Explanation - Q: 4.5


The correct answer is A. The graph shows a distribution characteristic of a

multifactorial trait. If one wanted to determine the contribution of genes
(heritability) versus non-genetic factors (diet, environment, etc.), a
concordance study in monozygotic (MZ) versus dizygotic (DZ) twins would be
appropriate. Heritability is calculated as (C MZ - CDZ)/(1- CDZ ). It is not
necessary to memorize the calculation but rather to understand the concept
of heritability and concordance studies in twins.
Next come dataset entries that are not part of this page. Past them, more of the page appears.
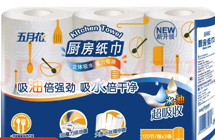 • 商品名称:五月花 厨房纸巾 超吸收120节/卷x3卷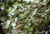 Голубцы, приготовленные по этому рецепту, получаются достаточно диетическими- в начинке присутствует куриное мясо, кускус и микс овощей, таких как зелёный горошек, стручковая фасоль, морковь, лук.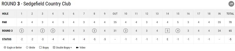 El talagantino despegó en los hoyos restantes y consiguió un buen cierre en Carolina del Norte. Se anotó con otros cuatro birdies, en las banderas 1, 3, 4 y 8, y no sumó bogeys. Su gran desempeño en el lapso final lo dejó con un registro total de 65 golpes, con -5.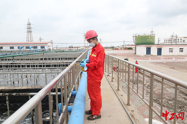 8月23日上午,冀东油田油气集输公司高尚堡联合站化验女工张晶莹和孙倩顺着扶梯登上好氧池检测水中溶解氧,她们需要找到24个不同的测试点,将测试仪器下到池子里,再将仪器显示数据分段记录下来,这只是她们工作的“冰山一角”。
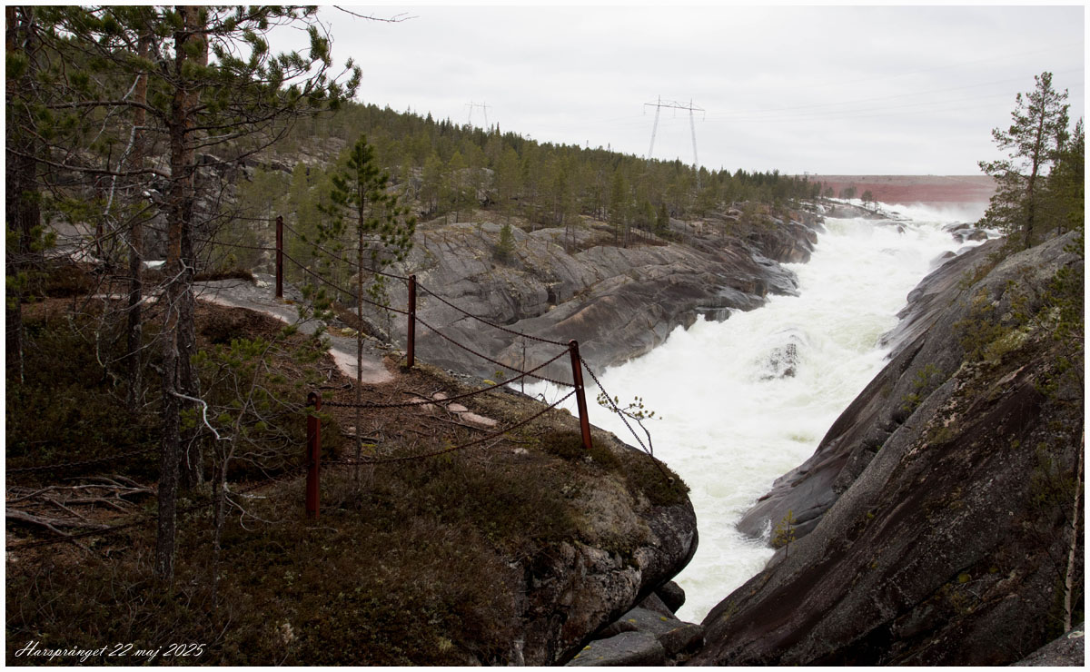 | Harsprångets kraftstation ligger närmast nedanför Porjus. Här har man byggt trappor av trä så folk kan se vattenfallet, | |
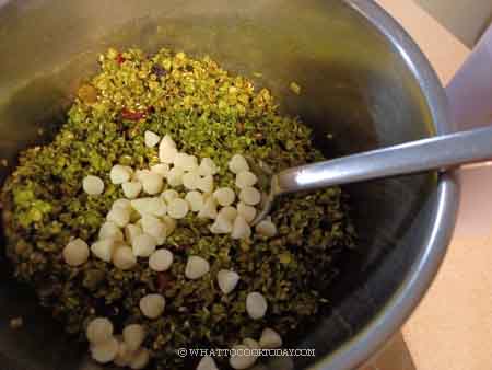 - Add the toasted dry ingredients and dried fruits into the pan and stir to combine. When the mixture is just nicely warm, add the white chocolate chips (you can also use dark chocolate chips if you prefer) and combine. The chocolate will melt a bit, but that's okay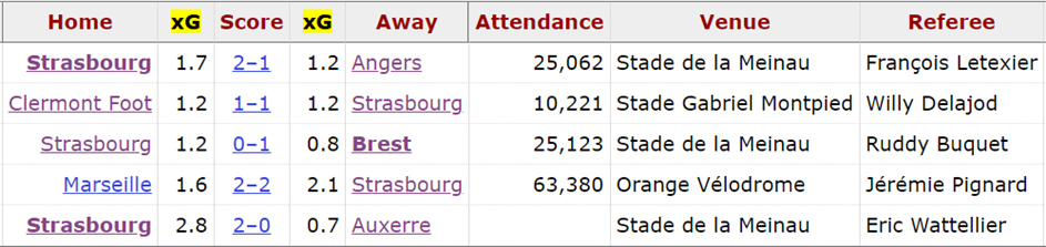 Стоит отметить, что во всех этих матчах «Страсбур» не уступил своему оппоненту по xg, а в некоторых из них заслуживал большего.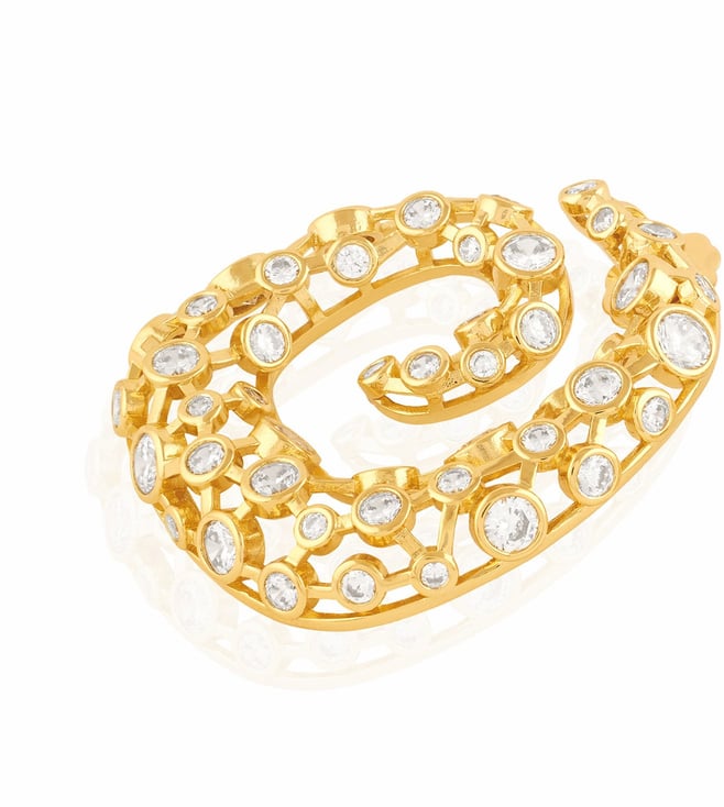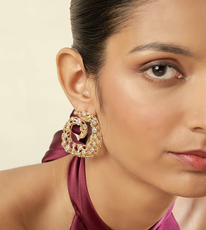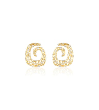 Make a bold statement with gold-and-white studs set with crystal zirconia. Inspired by Portuguese filigree and Isharya¿s signature mirror work, these 18k gold-plated brass stunners are hypoallergenic ¿ perfect for weddings, parties, and every festive affair. Shop now.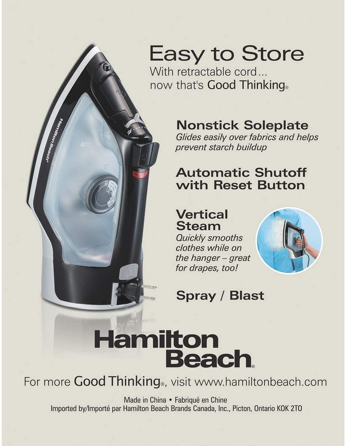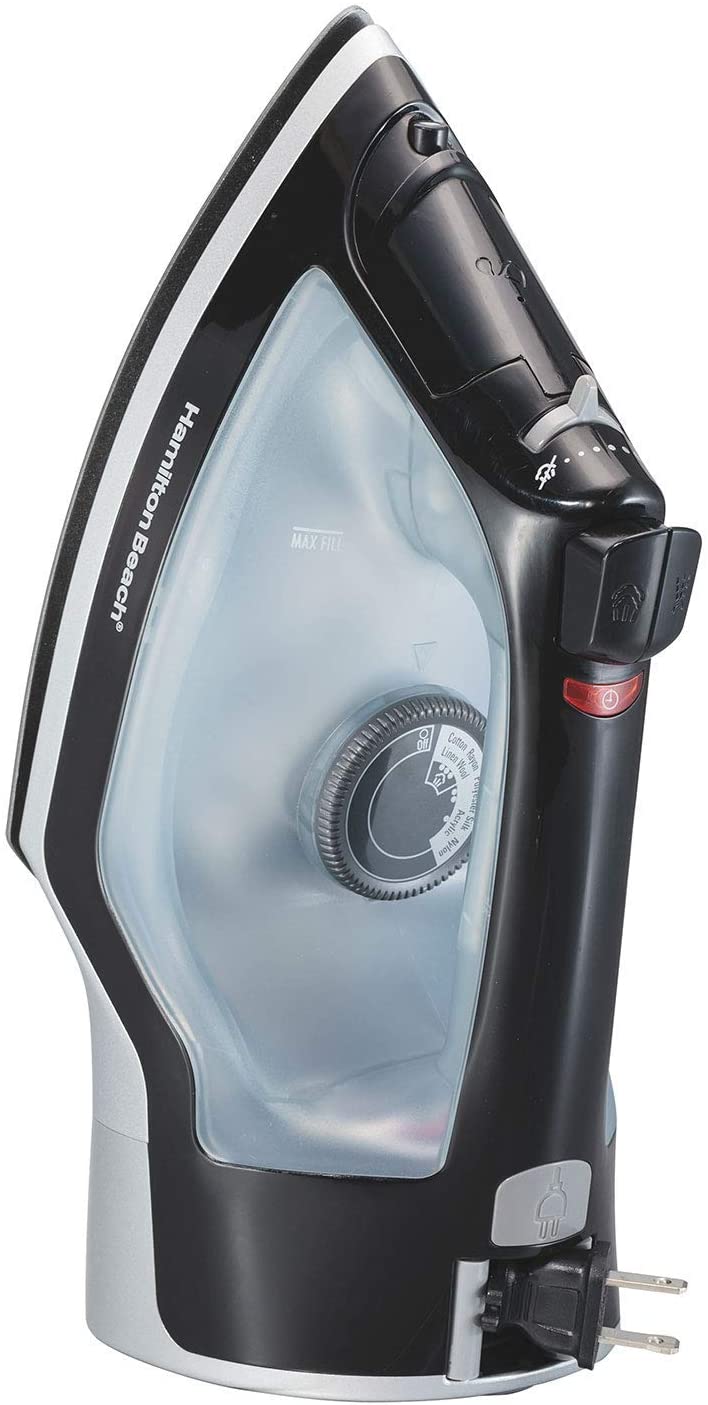 Hamilton Beach Full-Size Iron 14289 Remove wrinkles fast with the coverage only a full-size iron can give. Easily take creases out of stubborn materials; get shirts impeccably crisp and tablecloths pressed to perfection. The nonstick soleplate protects fabrics and prevents unwanted starch build-up. And adjustable steam options allow you to choose the right amount for each garment. The powerful blast is a must for natural fabrics such as cotton or linen, and the vertical steam is ideal for use on hanging clothes or drapes. Automatic shutoff gives you peace of mind. And the push-button retractable cord adds storage convenience. Quality performance and useful features make the Hamilton Beach Full-Size Iron the choice for all your home ironing needs.Features and Benefits:Easy to store with retractable cordVertical steam quickly smooths clothes while on the hanger - great for drapes tooPowerful spray & blastAdjustable steamAuto shutoff with reset buttonNonstick soleplate glides easily over fabrics and helps prevent starch buildup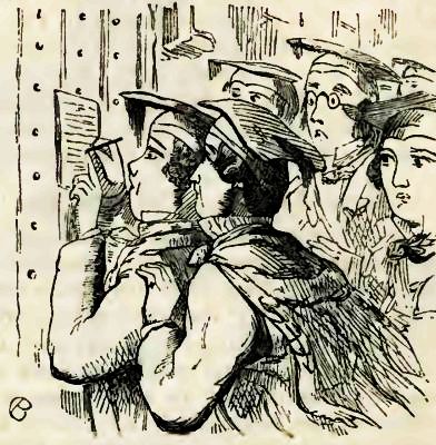 "I'm afraid, young gentleman," said Mr. Four-in-hand Fosbrooke, as he carelessly settled his white tie and bands, "I am afraid, Mr. Pucker, that your learning is not yet up to the Brazenface standard. We are particularly cautious about admitting any gentleman whose acquirements are not of the highest order. But we will be as lenient to you as we are able, and give you one more chance to retrieve yourself. We will try a little vivâ voce, Mr. Pucker. Perhaps, sir, you will favour me with your opinions on the Fourth Punic War, and will also give me a slight sketch of the constitution of ancient Heliopolis."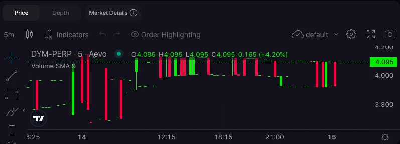 Odaily 星球日报注:Aevo 上的 pre-lanuch 合约波动较大,交易量较小,具有一定的参考意义,但不能完全代表 TGE 后的真实市场价格。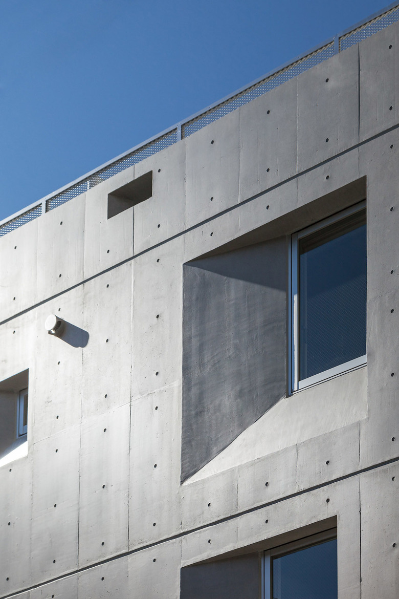 敷地周辺は細い道路を介して戸建て住宅が立ち並ぶため、近隣住民との視線交錯を避けるように開口を少しずつシフトさせた。この開口配列により光や風、風景を取り込みつつコンクリートという重たい素材に軽やかさを与えた。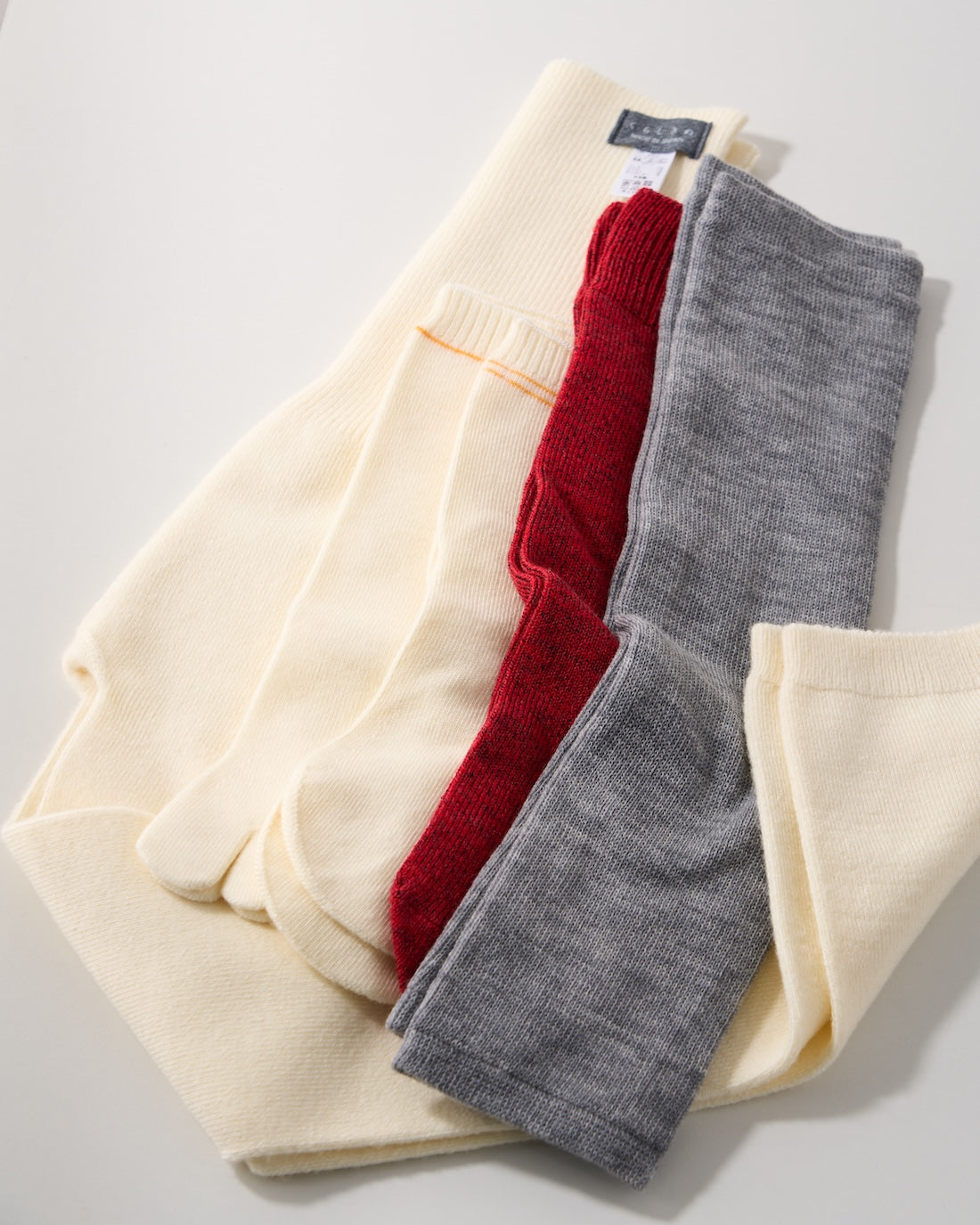 肌に当たる面がシルク、外側が保温性に優れたウールの組み合わせで、見た目よりも温かさを実感いただけるかと思います。

The Hardy-Weinberg equation (choice B) is most commonly used to
calculate carrier frequencies in recessive disease. It can also be used to
calculate the disease prevalence from the carrier frequency. Although it can
be applied to dominant genetic diseases, there is no carrier status in these
conditions and the equation is not typically used in these cases.
Linkage dysequilibrium exists if specific combinations of alleles at two loci are
seen together more often than expected by chance. Calculation of linkage
dysequilibrium (choice C) is most commonly used in mapping genes.
A LOD score calculation (choice D) is used to identify linkage between two
genetic loci. A common usage is in establishing linkage between a disease
phenotype and a known chromosomal marker in an effort to map the gene
A spectral karyotype (choice E) is used to assess cytogenetic abnormalities
such as trisomies, deletions, and translocations.